The fundamental physical-layer interconnect for the initial components is a 622-Mbit/s differential pair with a 400-mV swing. Each port consists of four of these pairs in each direction—yielding an aggregate bandwidth of 5 Gbits/s. This accommodates the bandwidth required by next-generation communications equipment. For the initial components, two of these ports can be bundled to provide a 10-Gbit/s "fat pipe" between endpoints.

Depending on the implementation, a switched-interconnect system can comprise any number of components. This gives designers the freedom to build a variety of systems, from very small-scale systems to very large-scale systems with hundreds of endpoints.

The PCI-to-StarFabric bridge is a multifunction device. It incorporates both a familiar transparent-bridge function and a fabric native-gateway function (Fig. 1). Several flexibility dimensions exist within StarFabric, and as engineers begin their next platform designs, they must consider some design tradeoffs. For example, they're focusing on using transparent and nontransparent bridging functionality, and pure address routing versus path routing for communicating across the fabric. Both areas are enabled by the dual-function nature of the initial PCI-to-StarFabric bridge.

Legacy-Mode Applications: When employing the transparent-bridge function, the PCI-to-StarFabric bridge looks to software, drivers, existing BIOS, and operating systems as a standard PCI-to-PCI bridge. By executing this function in all PCI-to-StarFabric bridges throughout the system, present legacy software code can run without changing one bit, including drivers and configuration code. In this legacy mode, called address routing, a system is situated with one flat global-address space. All devices in the system are visible and accessible through their unique address ranges.

The tradeoff here is that the advanced features of StarFabric, such as path redundancy and QoS, can't be realized. But this transparent-bridge mode gives the system designer a fast time-to-market solution.

For the initialization process, one processing node must be established as the root. This can be accomplished either through strapping by the system designer, or by an election process at the hardware level. When a system is powered on, the hardware automatically initiates numerous procedures.

First, all nodes (StarFabric devices) attempt to synchronize with their link partners by initiating traffic. Once synchronization has been established, an enumeration "storm" occurs. This happens automatically by the silicon. At the end of this "storm," each node in the fabric is established with a unique fabric identification number and stored path from itself back to the root node.

At this point, the BIOS and operating system begin device discovery. To the software, all PCI-to-StarFabric bridges and StarFabric switches look like PCI-to-PCI bridges. In the discovery process, a system map, or a hierarchy of PCI bus segments, is returned. Figure 2 shows an example of a simple fabric topology and the resulting PCI hierarchy established by the discovery process. At this point, the normal process of device resource allocation is performed. System communication is now possible via standard PCI address methods.

Fortunately, it takes absolutely no changes in software to establish and utilize this system. The existing BIOS firmware and operating system are used without modification. In this example, there are now five PCI bus segments, which could each have five to eight devices in one monolithic system—all communicating through one address space.

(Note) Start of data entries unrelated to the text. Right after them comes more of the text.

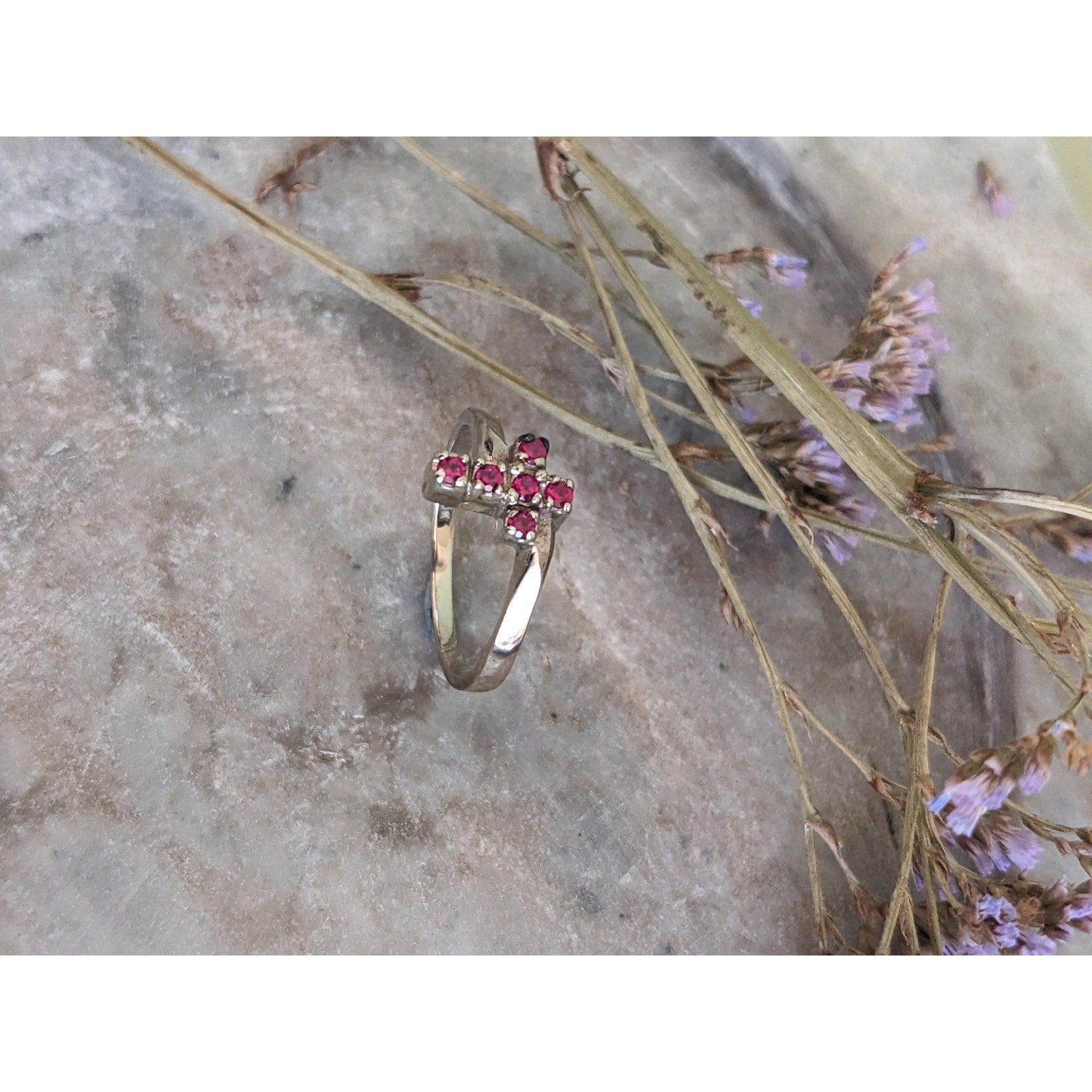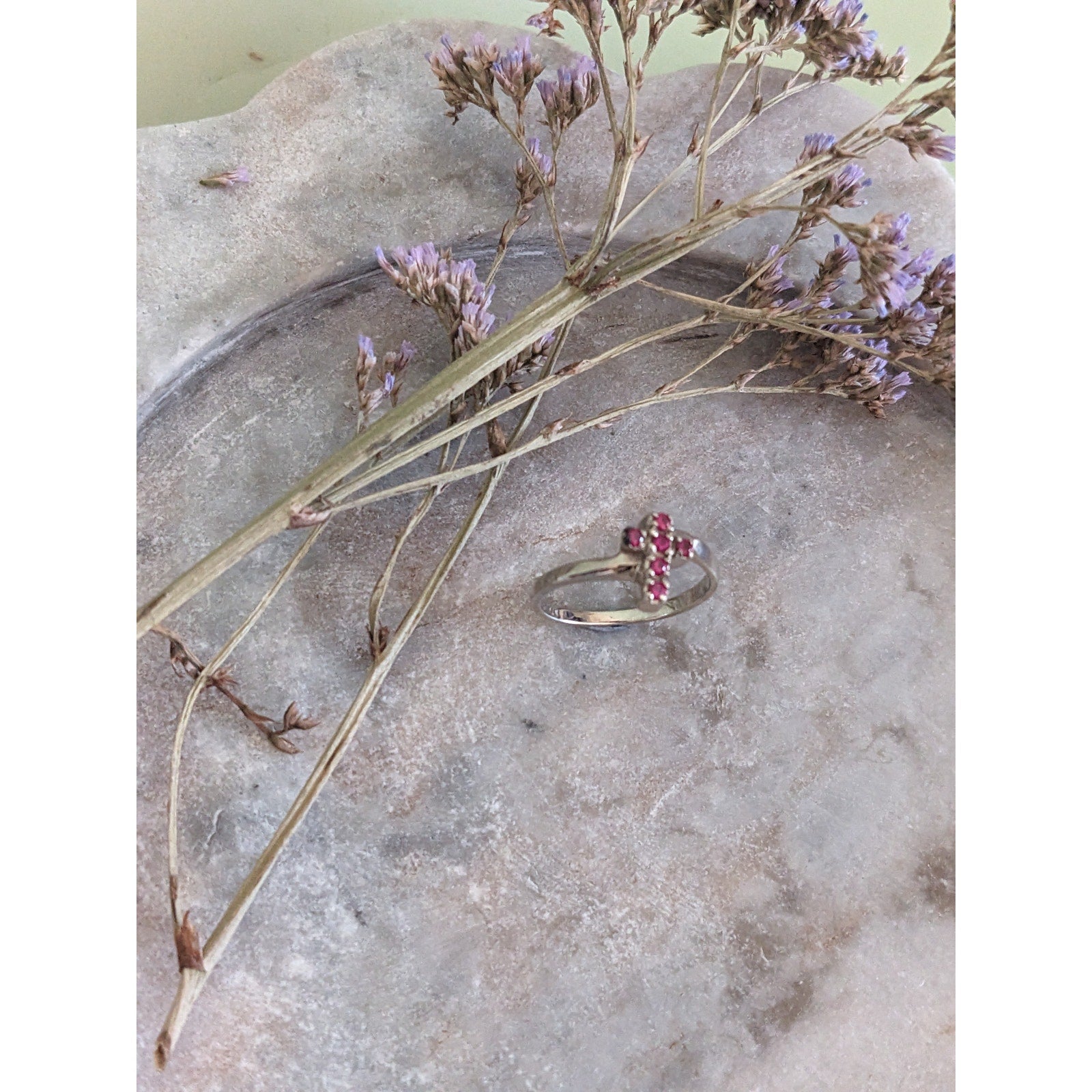 Vintage 10k White Gold Spinel Cross Shaped Ring Size 6
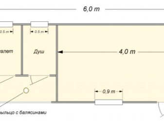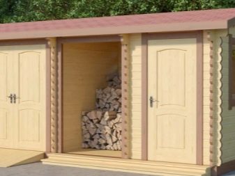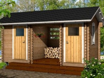 الخيار التالي مصنوع في شكل منزل تغيير وشرفة ومكان مفتوح لتخزين الحطب.. يجمع خيار آخر تحت سقف واحد ، بالإضافة إلى غرفة الحطب والمرافق ، العديد من الأقسام المفيدة. غالبًا ما تكون مصنوعة من دش ومرحاض. ومع ذلك ، في هذه الحالة ، سيكون من الضروري تجهيز حوض رأس المال ، ويفضل أن يكون مختومًا.
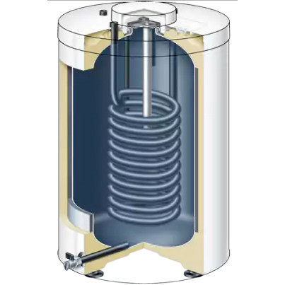- Нагрев всего объема воды с помощью змеевика, достигающего дна водонагревателя.
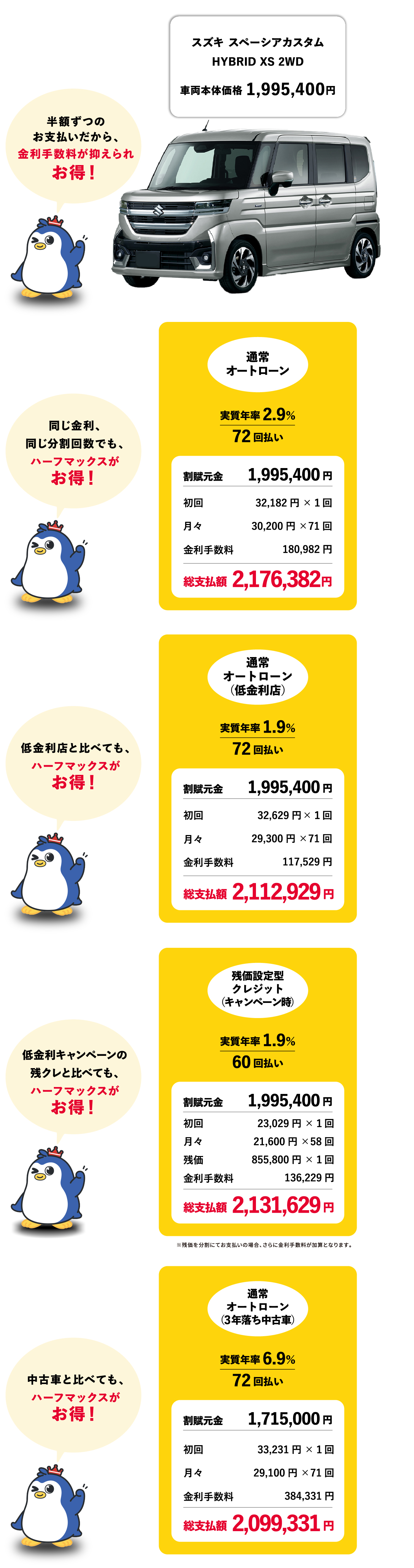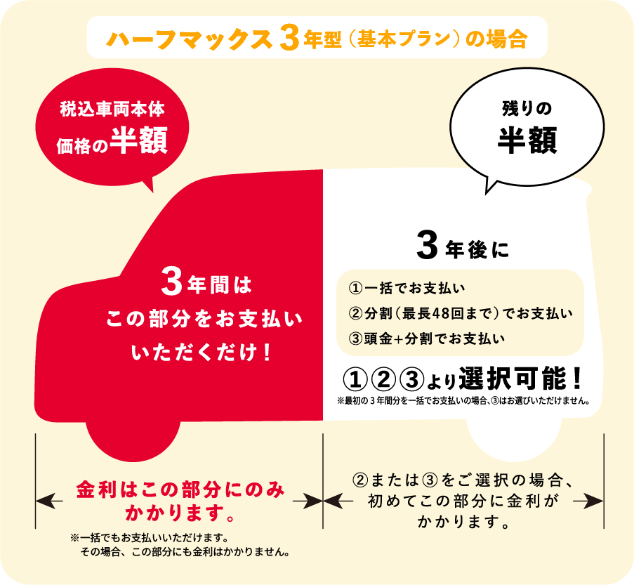 ハーフマックスは、税込車両本体価格の半額ずつをお支払いいただくことで、ローンの金利手数料を大幅に節約できるプランになります。
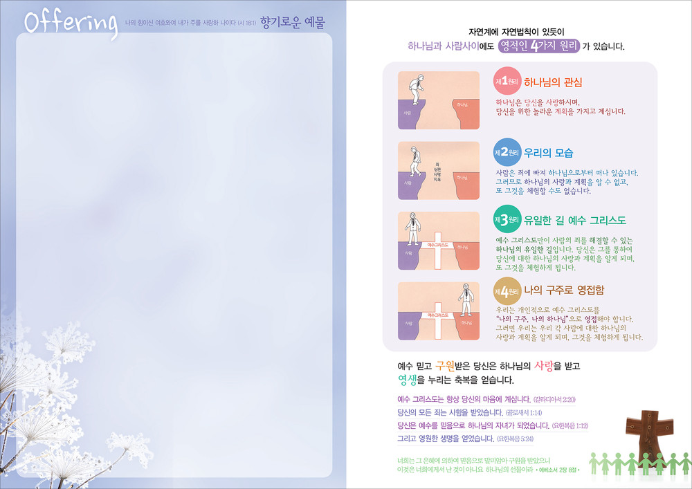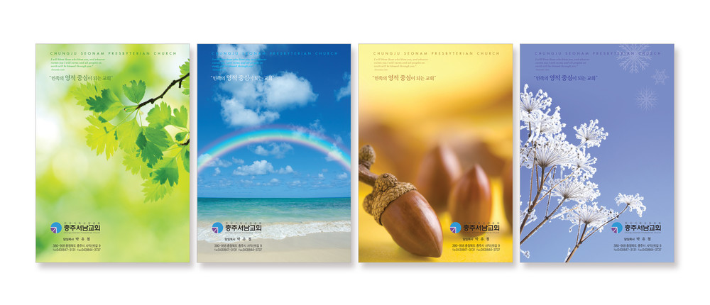 보통 교정을 컴퓨터 모니터나, 칼라 프린터로 출력해서 보시는 경우 모니터(빛의 색 RGB)와 인쇄물(잉크색 CMYK)에는 약간의 차이가 있습니다. 각 교회에서 사용되는 칼라 프린트도 옵셋 인쇄와는 인쇄 방식이 조금 달라 색상의 차이가 있습니다. 특히 종이의 재질(모조지, 아트지, 고급용지)에 의한 색의 차이도 발생할 수 있습니다.

This mode enables lots of real-world applications. One is supporting a remote chassis of PCI expansion slots for an existing server or workstation that's currently limited by the number of slots in its chassis. Because StarFabric nodes can be connected with five meters or more of CAT 5 cable, a compute chassis can be in a separate enclosure, remote from its noisy disk drives—possibly in an adjacent room.

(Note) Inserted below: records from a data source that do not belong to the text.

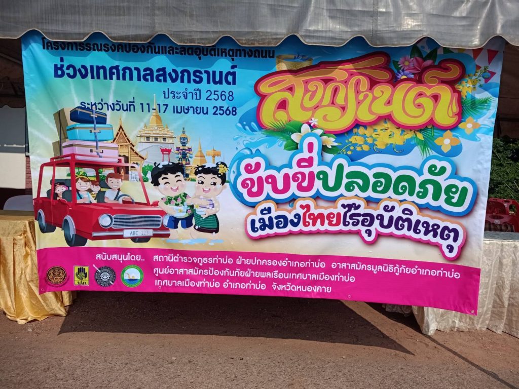 เปิดศูนย์ปฏิบัติการร่วมป้องกันและลดอุบัติเหตุทางถนนช่วงเทศกาลสงกรานต์ พ.ศ.2568 11 เมษายน 2025 โดย admin / ข่าวภารกิจผู้บังคับบัญชา วันที่ 11 เม.ย. 68 เวลา 09.00 น. โดยการอำนวยการของ พ.ต.อ.เตชรัฐ ประทุมชาติ ผกก.สภ.ท่าบ่อ มอบหมายให้ พ.ต.ท.สุเวช ศรีแนน รอง ผกก.(สอบสวน)ฯ พ.ต.ท.นักรบ แสงจันโท สวป.สภ.ท่าบ่อ พ.ต.ต.อิทธิพล ปาณะพรหม สวป.(ชส.)สภ.ท่าบ่อ ร่วมพิธีเปิดศูนย์ปฏิบัติการร่วมป้องกันและลดอุบัติเหตุทางถนนช่วงเทศกาลสงกรานต์ พ.ศ.2568 ณ จุดตรวจหลักสี่แยกไฟแดงน้ำโมง โดยมีนายสมควร ใจซื่อ นายอำเภอท่าบ่อ เป็นประธาน มีภาคีเครือข่าย และกำลังพลจิตอาสา สภ.ท่าบ่อ ร่วมพิธี
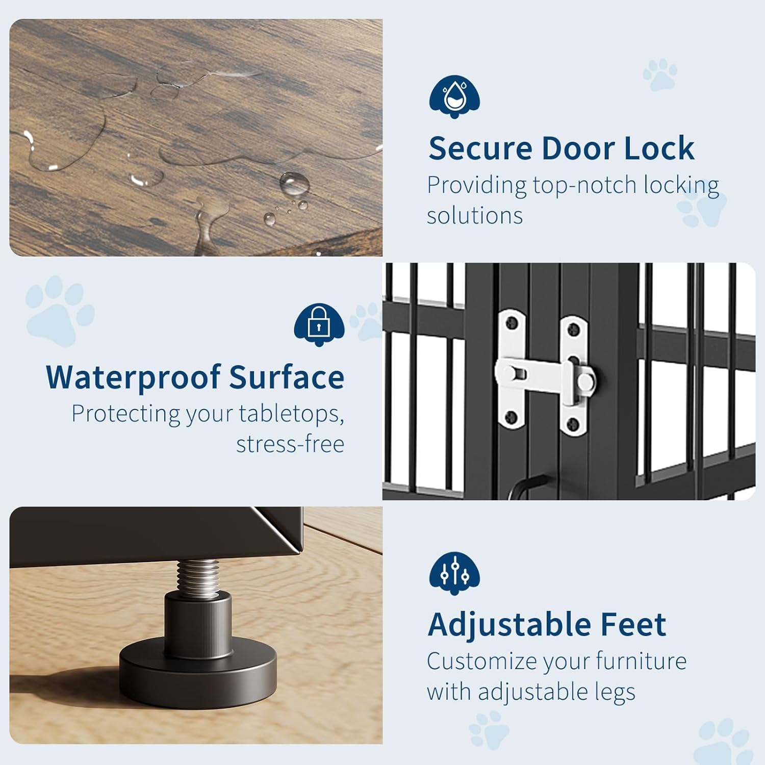 Indoor Double Dog CrateGive your loved dogs the comfort and security they deserve while adding style and functionality to your home—let this double dog crate become both a safe house for your dogs and a beautiful centerpiece in your living space!Brief Overview-Roomy Dog Crate Furniture for Two Medium to Large Dogs-3 Lockable Doors for Easy Access and Security-Reinforced Wooden Boards and Metal Pipes for Kennel Durability-Adaptable Kennel Space with Removable Divider-Multi-Functional Wooden Indoor Dog House TV StandSpecificationName: Indoor Double Dog CrateSize: Extra LargeStyle: RetroFrame Material: Metal & Engineered WoodColor: BlackProduct Dimensions: 86.61'' L x 27.95'' W x 32.5'' HPacking List1 x Double Dog Crate1 x Instruction Manual1 x Hardware BagFriendly Notice1. Please make sure three doors are securely locked after placing your dogs inside to ensure their safety.2. For your pets' comfort, add a soft mat or bedding to each side of the crate and clean the interior regularly to maintain a fresh environment.3. Adjust the divider according to your dogs' size and habits so they each have enough space to relax comfortably and happily.
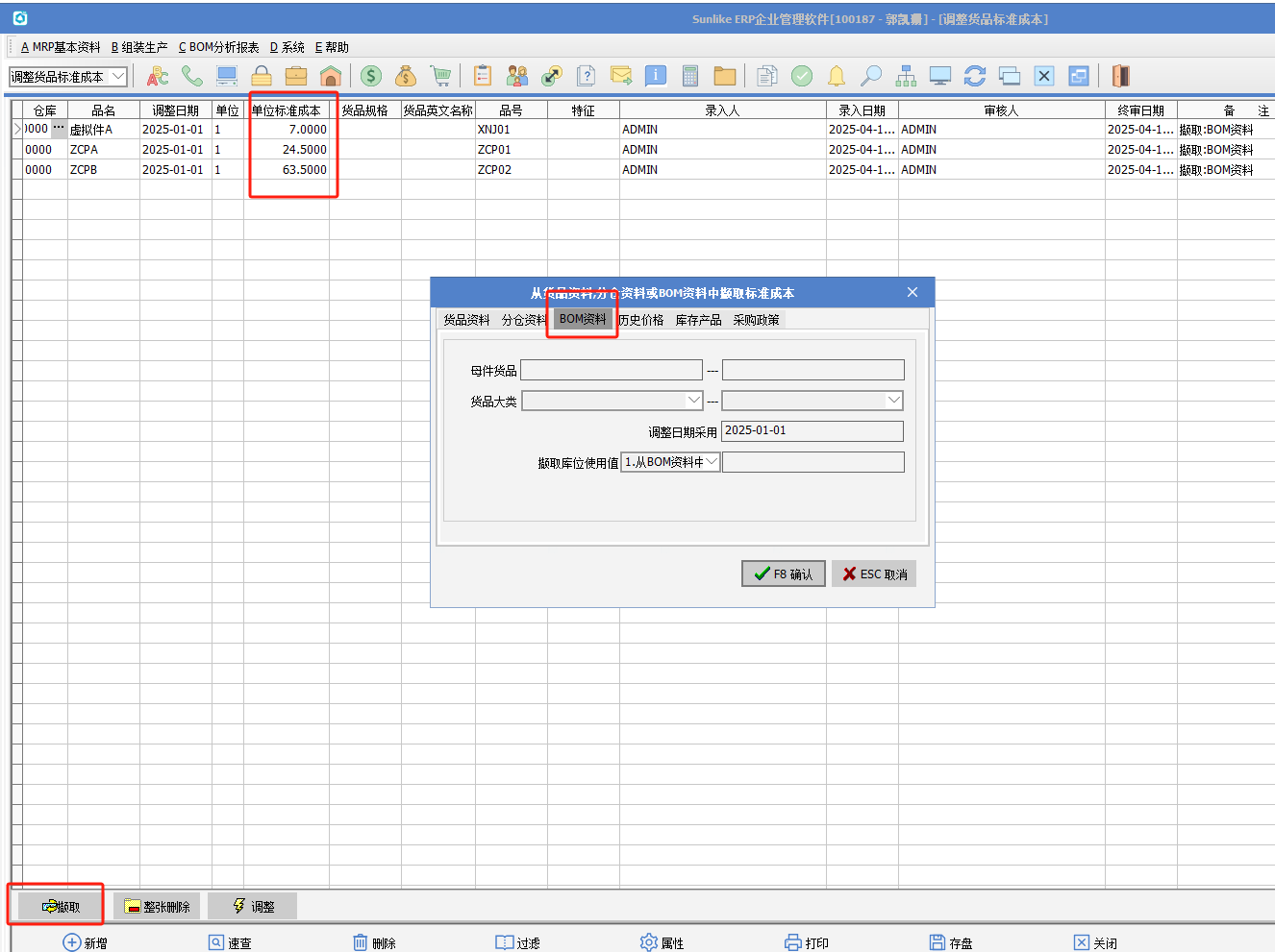 3.將標準配方BOM的母件貨品的成本寫入到貨品標準成本 擷取按鈕--選擇BOM資料--點擊確認按鈕后,會將標準配方BOM的母件貨品的生產成本寫入調整貨品標準成本。

Advanced Applications: As designers look to build larger and more diverse systems, like communication platforms with StarFabric, the pure-legacy, address-routing mode becomes a limitation. The hierarchical system map requires all traffic to flow through the root of the tree (Fig. 2, again). Also, legacy PCI address-routing methods don't take advantage of all present interconnects between StarFabric nodes. For larger systems, traffic must first flow up to the root/host node, then to its destination.

Many developers will want to benefit from features that eradicate these limitations, and others that provide QoS, high-availability, and address/device isolation at each node for distributed-computing applications. For these reasons, it may be desirable to move to path routing and use the gateway function in the PCI-to-StarFabric bridge.

Conceptualize the gateway function within the bridge as an embedded PCI-to-PCI bridge. With it, devices, including processors, can be "hidden" behind the bridge. Each processing element can have its own address space and control its own devices. Communication across the fabric is done by connections set up at system initialization. A connection specifies the route through the fabric, from a single device to every other device with which it needs to communicate.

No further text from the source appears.